Alisha Fairuzah sempat mendengar bahwa keluarganya itu memiliki beberapa properti yang disewakan, ada juga yang dijual dan Aido Eishiro membantu mereka menjualnya. Selain itu, dia juga fokus menjual produk-produk pertanian. Dia juga baru saja kembali dari luar kota karena urusan pekerjaan.
“Kamu kenapa nggak balas pesanku? Apa bukan kamu yang membacanya?”
“Itu aku kok.”
Jawaban yang singkat, padat, dan jelas. Tiga kata itu bagi Aido Eishiro sudah cukup menggambarkan Alisha Fairuzah. Menurutnya Alisha Fairuzah juga seolah tak kenal lelah, seolah tak kenal menyerah, dan seolah-olah tidak memiliki emosi. Bagaimana bisa perempuan seperti itu mampu membuatnya rela bertahan di negara ini selama bertahun-tahun.
Hanya sebatas teman. Bertahun-tahun tidak ada kata teman dekat apalagi sahabat dan yang lebih mustahil lagi adalah pacar.
Aido Eishiro sangat yakin dirinya tidak akan pernah melupakan wanita itu seumur hidupnya. Alisha Fairuzah telah memberikan banyak pelajaran padanya. Seperti saat itu, tidak ada hubungannya sama sekali dengannya, beberapa anak kecil lewat di depan toko yang tampaknya baru pulang dari sekolah, pada saat yang sama, Alisha Fairuzah keluar dari toko entah akan kemana tetapi begitu melihat anak-anak itu, dia memanggil mereka untuk berhenti dan menunggu lalu dia masuk ke dalam toko lagi kemudian segera keluar seraya membawa pakaian-pakaian baru. Dia memberikannya pada anak-anak itu secara gratis. Wajah-wajah mereka yang tadinya murung seketika langsung berubah menjadi ceria dan bersemangat.
Kejadian itu tampak seperti sebuah film inspiratif di mata Aido Eishiro sampai pria itu tersentuh. Dia tiba-tiba teringat kalimat yang pernah diucapkan oleh Alisha Fairuzah. Namanya juga hidup, terkadang melihat orang lain tersenyum karena kita dapat menghapus rasa sedih kita pada saat itu.

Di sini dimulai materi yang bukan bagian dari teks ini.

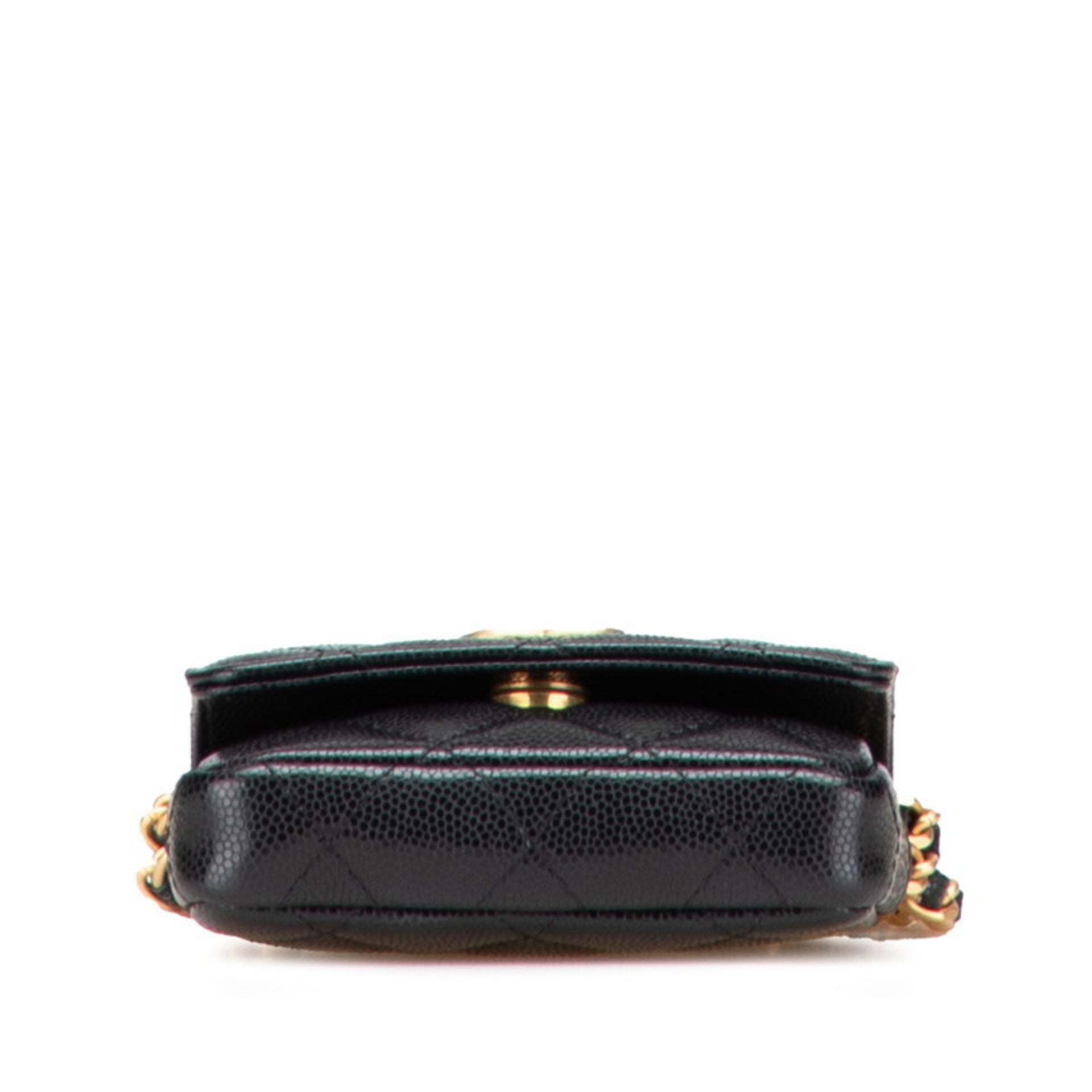 CHANEL Mini Matelasse Coco Mark Waist Bag/Body Bag in Black Caviar Skin for Women

Aido Eishiro mengangguk-angguk. “Aku pikir kamu marah padaku karena aku selalu meminta rekomendasi."
"Nggak mungkin. Justru aku bersyukur kamu mau belajar dan aku juga berbagi rekomendasi buku."
“Ngomong-ngomong, aku mendengar dari keluargaku kalau toko pakaianmu sudah agak lama tutup. Aku benar-benar kaget dan takut kalau nggak bisa ketemu sama kamu lagi. Makanya aku menghubungimu dan bingung karena kamu nggak balas pesanku. Makanya sejak tadi aku menunggumu di depan rumah, berharap melihatmu dan akhirnya melihatmu. Kalau nggak, aku mungkin akan mencari tahu mengenai rumahmu."
Aido Eishiro tersenyum lembut.
Alisha Fairuzah tidak selalu menatap Aido Eishiro. Sesekali dia memperhatikan kendaraan yang lewat. Orang-orang yang berlalu lalang serta toko-toko lain yang buka.
"Syukurlah Aido kamu sehat."
"Iya. Kamu juga sehat kan?"
"Alhamdulillah sehat."
"Jadi, Alisha, terjadi sesuatu kan? Maaf, dengan toko pakaianmu? Maaf bukannya aku mau ikut campur tetapi tolong gunakan aku sebagai temanmu!"
Alisha Fairuzah diam sejenak.
"...Terima kasih banyak. Pertama-tama, aku mau memberitahu kalau aku sudah menikah."
“Apa?”
Aido Eishiro membeku seperti es batu. Dia merasakan di dalam dadanya seperti ada gemuruh. Terkejut, tentu saja. Malahan tangannya sampai bergetar meskipun tampak terlihat biasa saja. Dia pikir dia salah dengar. Dia pikir dia dan Alisha Fairuzah sudah cukup dekat. Apabila wanita itu menikah, dia yakin dirinya diundang. Mungkin disini ada kesalahpahaman. Mungkin saja dia salah dengar.
Sayangnya Alisha Fairuzah tidak memberikan jeda dalam memberikan jawaban.
“Aku sudah memiliki suami, Aido. Aku minta maaf karena nggak mengundangmu ke pernikahanku karena acaranya nggak besar jadi nggak begitu ramai. Ada banyak teman-temanku yang nggak aku undang.”
Nafas Aido Esihiro tercekat.
Aido Eishiro pernah menyukai seseorang saat dia tinggal di Jepang. Cintanya sempat terbalas tetapi pada akhirnya kandas juga. Seseorang yang pertama kali ia sukai dan mungkin menjadi yang terakhir ia sukai di negara ini adalah Alisha Fairuzah. Sayangnya, kali ini benar-benar tidak ada harapan.
Alisha Fairuzah sudah menjadi milik orang lain.
“Be…begitu ya? Aku benar-benar sangat terkejut mendengarnya. Kupikir kamu nggak dekat sama pria manapun terus tiba-tiba menikah tentu saja itu membuatku terkejut.”
“Aku dijodohkan.”
Aido Eishiro terkejut lagi. Tetapi entah kenapa ada perasaan lega. Meskipun sangat sedikit. Karena bagaimanapun, Alisha Fairuzah sudah memiliki suami.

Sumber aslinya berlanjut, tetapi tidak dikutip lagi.